**Problem to solve:** Your task is to return the listing below word for word, without any of its images.

**Data block:**
^^^^^^^^^^^^^^^^

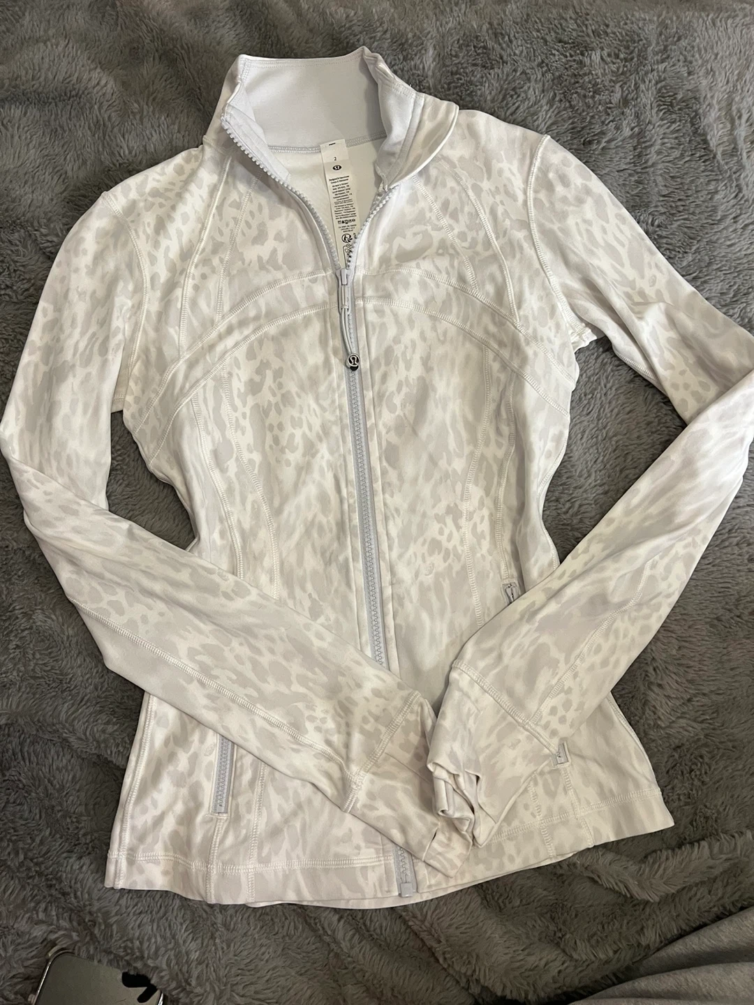 White and grey cheetah print Define Jacket. Bought a couple months ago and literally wore it once!!! Size 2 (women’s)…
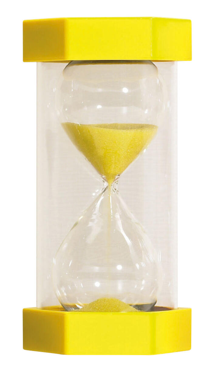 3 min, gul. Hållbara, stora och rejäla timglas i klar plast med gjutna basplattor. Konkretiserar tiden och tidsbegreppen för barnen. Perfekt för experiment, tidtagning, spel och lek. Av PE, PU och akryl. PVC-fri. Höjd: 15 cm. Från 3 år.
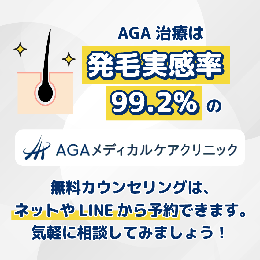 AGAメディカルケアクリニックは、99.2%の発毛実感率を誇る人気のクリニックです。
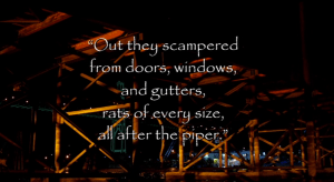 Long ago (and far away….), in the town of Hameln in Germany, the villagers were suffering from a plague of rats which were ruining food, clothing, and just generally making a bloody nuisance of themselves. Also, I’m thinking that they didn’t really have health departments back then but can we TALK ABOUT HOW MISERABLY DISGUSTING that would have been. Anyway, so the village is suffering a plague of rats. One day, a man came to the village and made a deal with the townsfolk; if they made it worth his while, he would soon rid the village of every rodent therein. The man was clothed in a brightly-coloured patchwork jacket, and so was called the Pied Piper (pied meaning to have two or more colours). After the villagers agreed to pay the Piper for getting rid of the rats, he proceeded to do so; playing a particular tune on his pipes (sources vary on whether it was a pan pipe or bagpipes), rats converged on his location and followed him into the river where the drowned.

^^^^^^^^^^^^^^^^

**Expected output:**
 White and grey cheetah print Define Jacket. Bought a couple months ago and literally wore it once!!! Size 2 (women’s)…
 3 min, gul. Hållbara, stora och rejäla timglas i klar plast med gjutna basplattor. Konkretiserar tiden och tidsbegreppen för barnen. Perfekt för experiment, tidtagning, spel och lek. Av PE, PU och akryl. PVC-fri. Höjd: 15 cm. Från 3 år.
 AGAメディカルケアクリニックは、99.2%の発毛実感率を誇る人気のクリニックです。
 Long ago (and far away….), in the town of Hameln in Germany, the villagers were suffering from a plague of rats which were ruining food, clothing, and just generally making a bloody nuisance of themselves. Also, I’m thinking that they didn’t really have health departments back then but can we TALK ABOUT HOW MISERABLY DISGUSTING that would have been. Anyway, so the village is suffering a plague of rats. One day, a man came to the village and made a deal with the townsfolk; if they made it worth his while, he would soon rid the village of every rodent therein. The man was clothed in a brightly-coloured patchwork jacket, and so was called the Pied Piper (pied meaning to have two or more colours). After the villagers agreed to pay the Piper for getting rid of the rats, he proceeded to do so; playing a particular tune on his pipes (sources vary on whether it was a pan pipe or bagpipes), rats converged on his location and followed him into the river where the drowned.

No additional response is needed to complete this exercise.